EXTRACTED DATA →
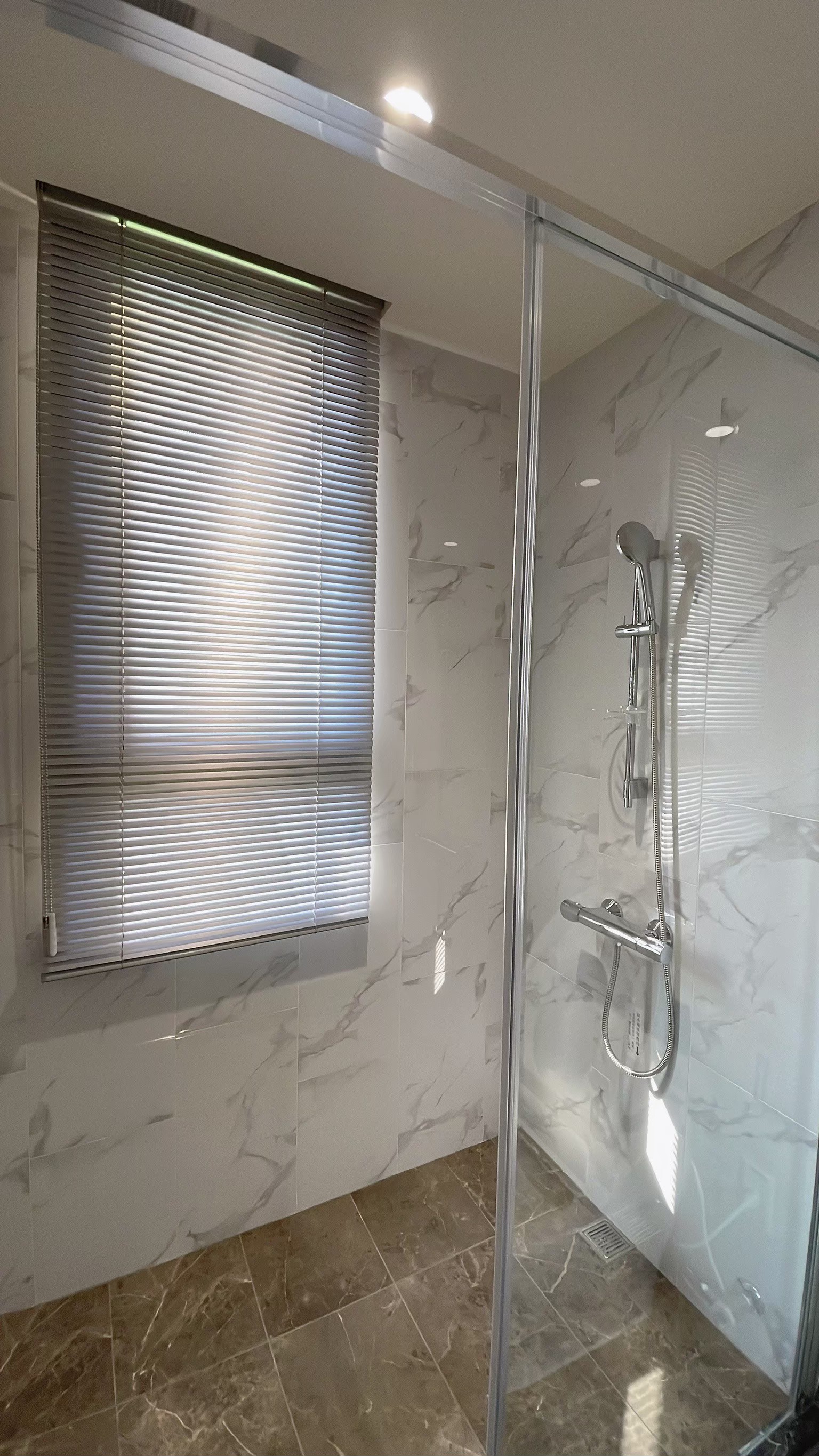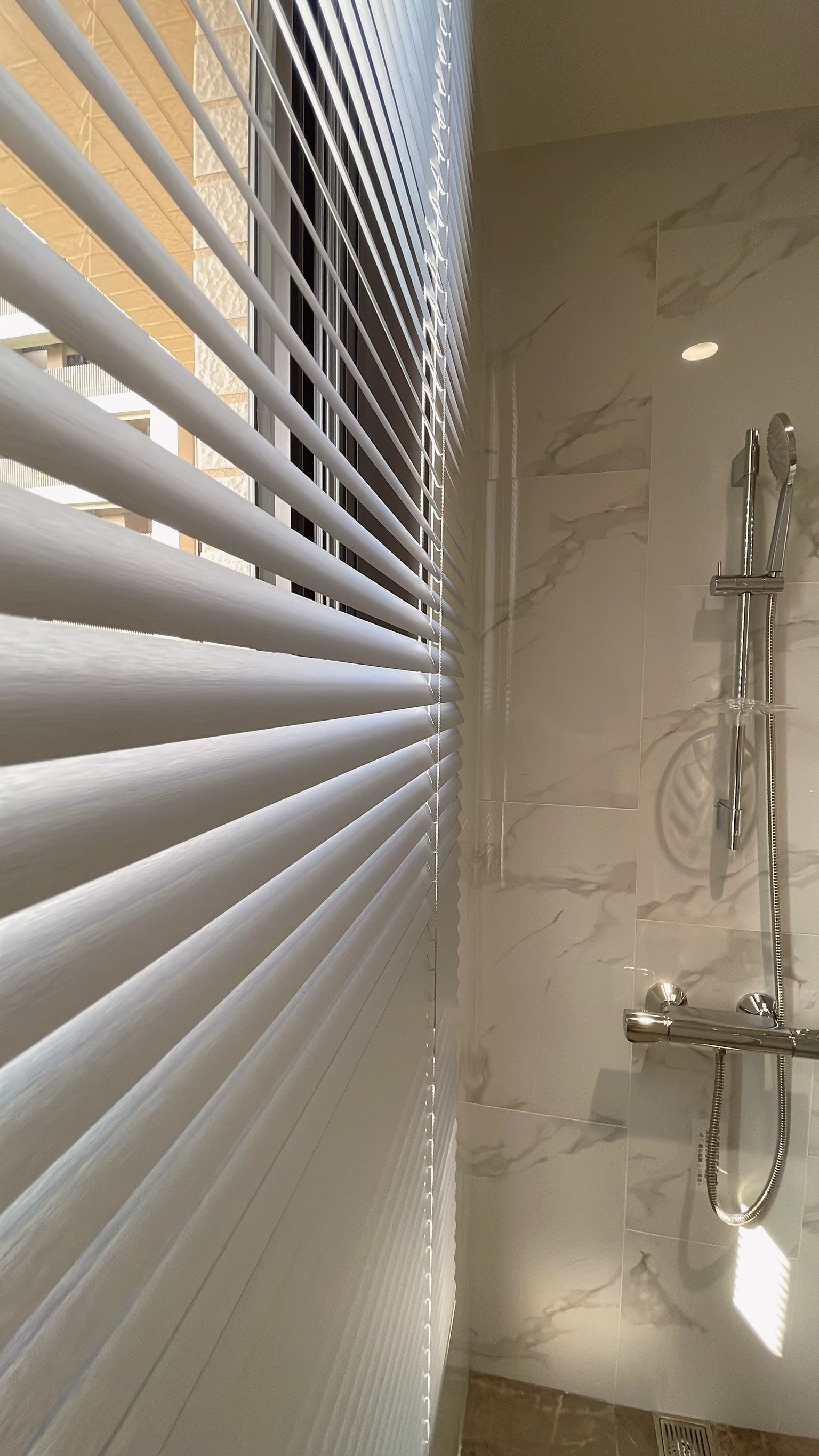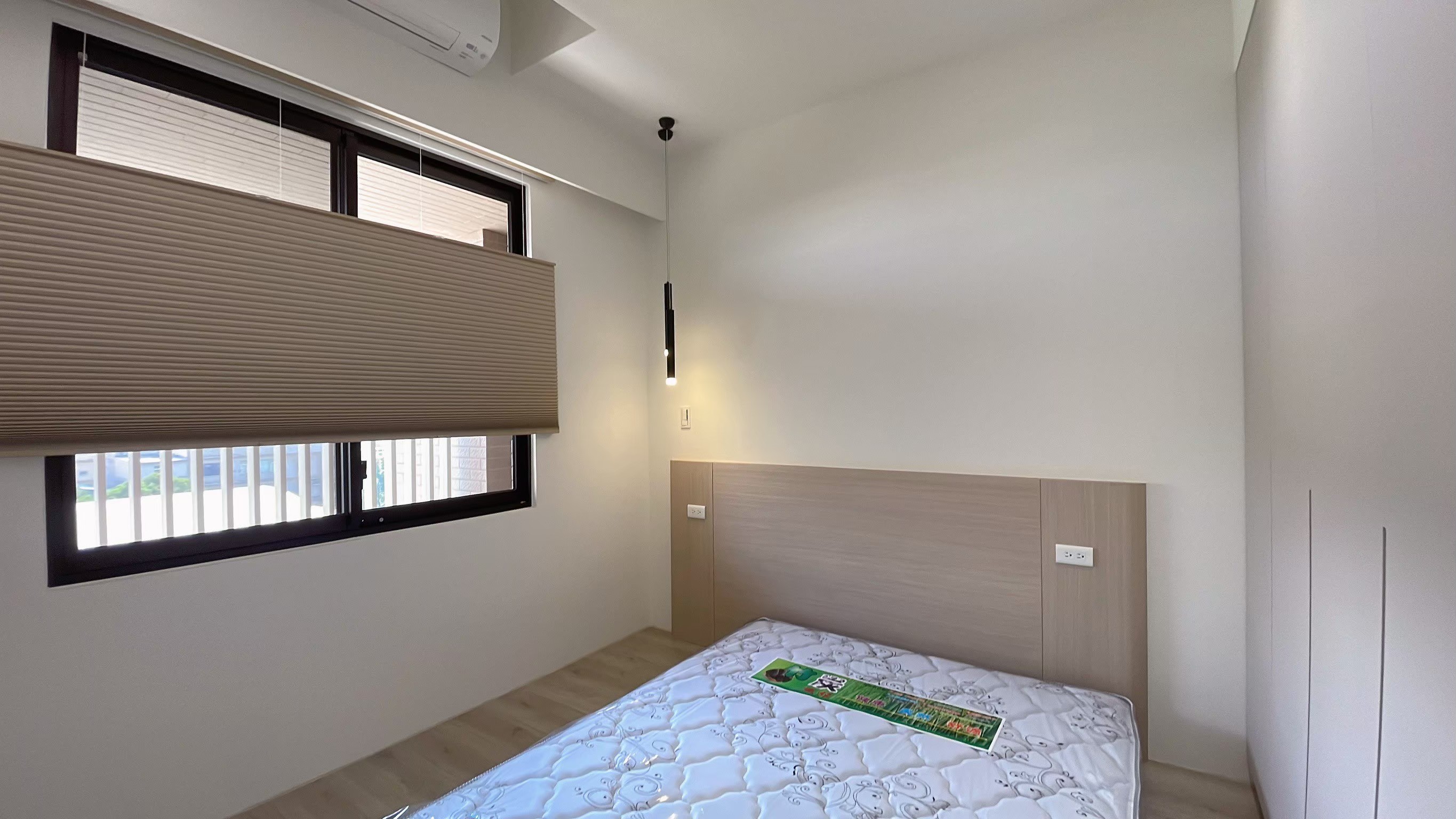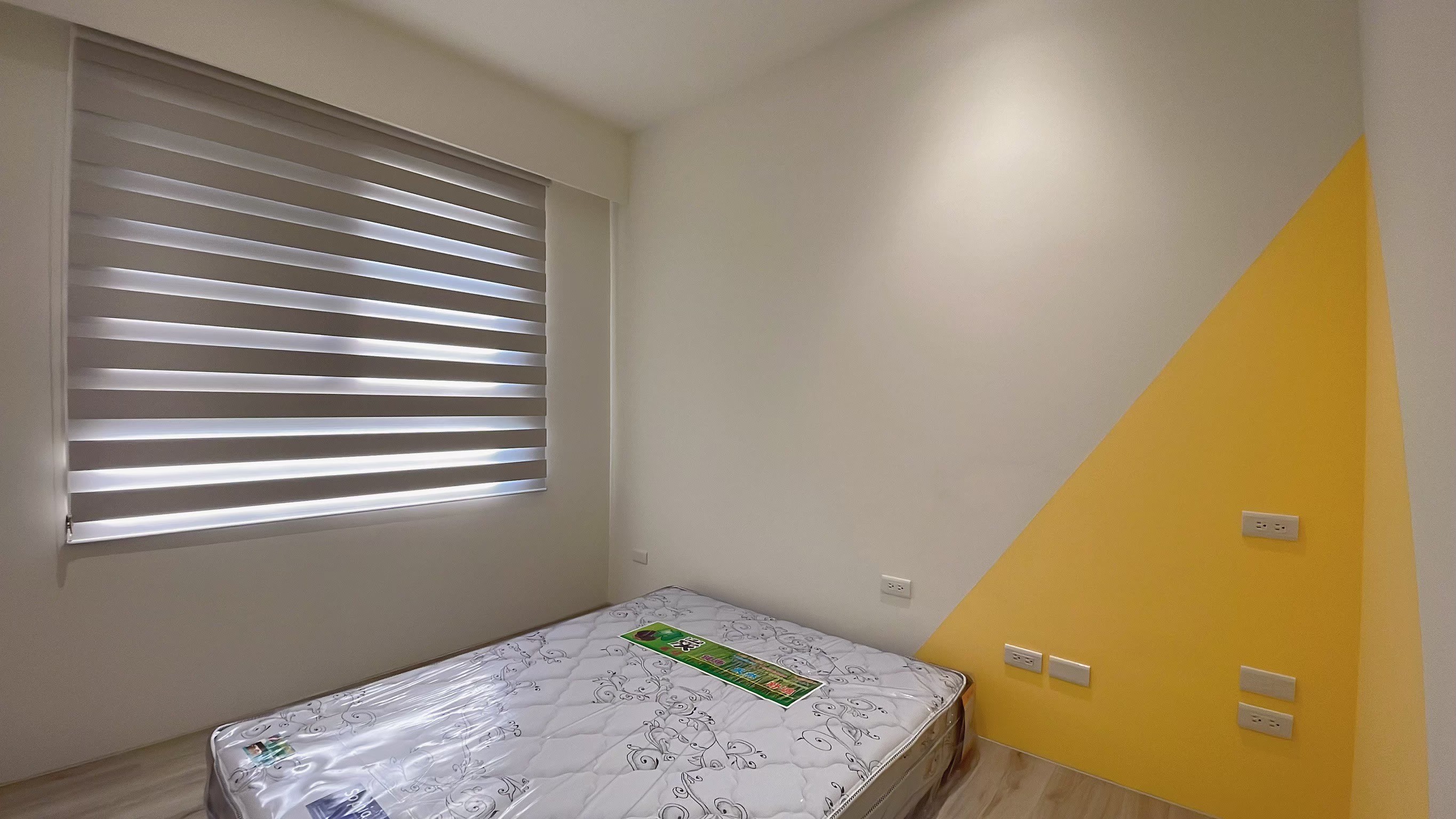 以簡約現代風格為基調,最大亮點是窗邊的半透光蜂巢簾。它能柔化日光,讓空間維持明亮卻不刺眼,同時有效保護隱私,不會讓室內一覽無遺。蜂巢結構具隔熱與節能效果,能提升居家舒適度,也減少冷氣耗能。搭配大片窗景,讓自然光隨時間變化,營造出溫潤又具層次的氛圍,使客廳在功能與美感之間取得平衡。
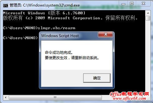 当系统试用期到了最后一天的时候,在系统控制面板中会提示必须激活。我们可以利用合法命令重新计数30天。打开命令提示符(在”运行“中输入”cmd”),输入“slmgr.vbs/rearm”。稍等几秒钟会弹出对话框提示命令完成,重启生效。
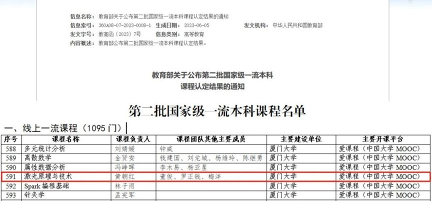 根据《教育部关于公布第二批国家级一流本科课程认定结果的通知(教高函〔2023〕7号)》,我院《激光原理与技术》课程入选国家级一流本科课程。该课程负责人为电子工程系副教授黄朝红,课程团队主要成员有副院长董俊、电子工程系主任罗正钱、微电子与集成电路系助理教授梅洋。
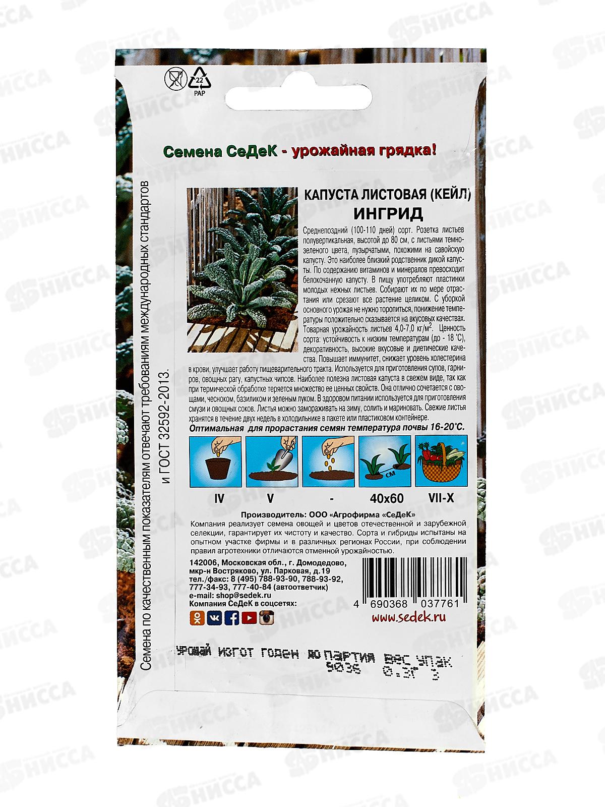 Капуста Ингрид (лист) (Евро, 0,3) СеДек *10 СРОК ДО 12.24
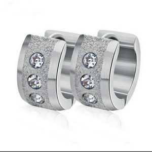 Silver Rhinestone Embedded Earrings Stainless Steel
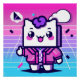 1980s-inspired kawaii creature bathed in vibrant neon colours.
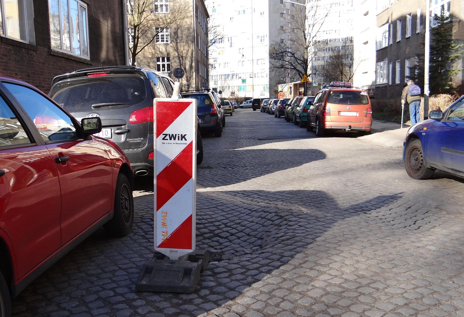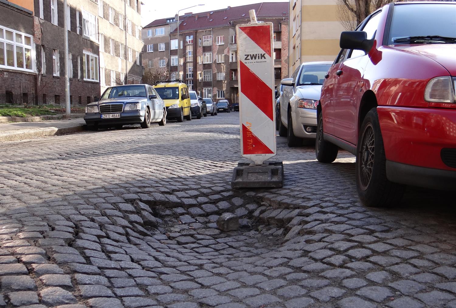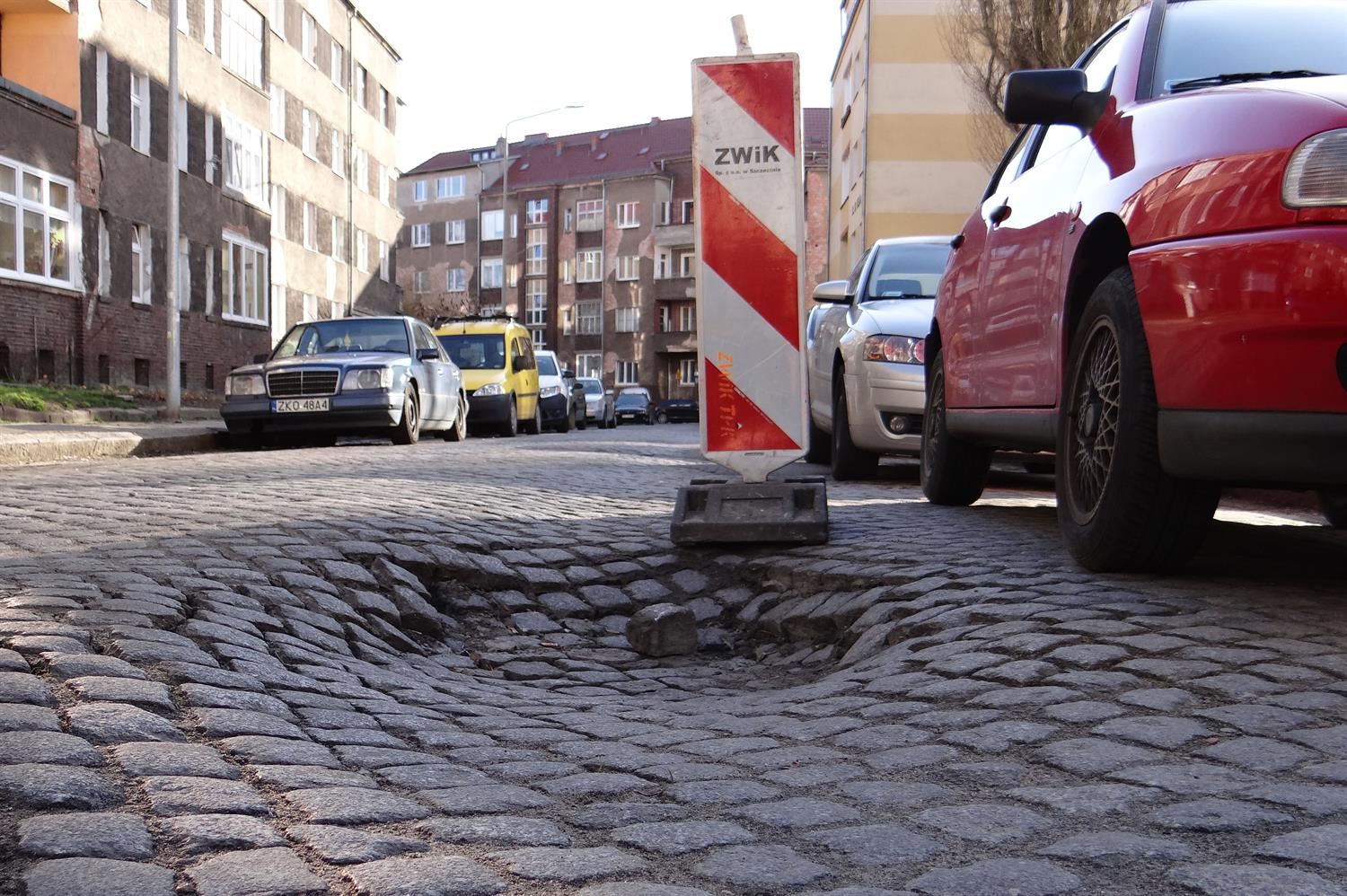 Na takie zapadlisko w brukowanej nawierzchni jezdni kierowcy natkną się na szczecińskim Niebuszewie-Bolinku. Niespodzianka znajduje się na jednokierunkowym mocno sfatygowanym na całej długości odcinku ul. Franciszka Karpińskiego. O tym głębokim już na około pół metra, a szerokim na około półtora metra zapadlisku ostrzega tam ustawiony po interwencjach okolicznych mieszkańców ZWiK-owski pachoł. Minęły ponad dwa tygodnie sygnalizowania pilnej potrzeby wykonania naprawy. Nie dzieje się nic. Czyżby kolejne miejsce z listy tych, które muszą nabrać urzędniczej nie)mocy nim ktokolwiek zabierze się do roboty? ©℗

WHAT YOU WILL DO → Repeat the listing above verbatim, but exclude the pictures it contains.

SOLUTION BELOW →
 以簡約現代風格為基調,最大亮點是窗邊的半透光蜂巢簾。它能柔化日光,讓空間維持明亮卻不刺眼,同時有效保護隱私,不會讓室內一覽無遺。蜂巢結構具隔熱與節能效果,能提升居家舒適度,也減少冷氣耗能。搭配大片窗景,讓自然光隨時間變化,營造出溫潤又具層次的氛圍,使客廳在功能與美感之間取得平衡。
 当系统试用期到了最后一天的时候,在系统控制面板中会提示必须激活。我们可以利用合法命令重新计数30天。打开命令提示符(在”运行“中输入”cmd”),输入“slmgr.vbs/rearm”。稍等几秒钟会弹出对话框提示命令完成,重启生效。
 根据《教育部关于公布第二批国家级一流本科课程认定结果的通知(教高函〔2023〕7号)》,我院《激光原理与技术》课程入选国家级一流本科课程。该课程负责人为电子工程系副教授黄朝红,课程团队主要成员有副院长董俊、电子工程系主任罗正钱、微电子与集成电路系助理教授梅洋。
 Капуста Ингрид (лист) (Евро, 0,3) СеДек *10 СРОК ДО 12.24
 Silver Rhinestone Embedded Earrings Stainless Steel
 1980s-inspired kawaii creature bathed in vibrant neon colours.
 Na takie zapadlisko w brukowanej nawierzchni jezdni kierowcy natkną się na szczecińskim Niebuszewie-Bolinku. Niespodzianka znajduje się na jednokierunkowym mocno sfatygowanym na całej długości odcinku ul. Franciszka Karpińskiego. O tym głębokim już na około pół metra, a szerokim na około półtora metra zapadlisku ostrzega tam ustawiony po interwencjach okolicznych mieszkańców ZWiK-owski pachoł. Minęły ponad dwa tygodnie sygnalizowania pilnej potrzeby wykonania naprawy. Nie dzieje się nic. Czyżby kolejne miejsce z listy tych, które muszą nabrać urzędniczej nie)mocy nim ktokolwiek zabierze się do roboty? ©℗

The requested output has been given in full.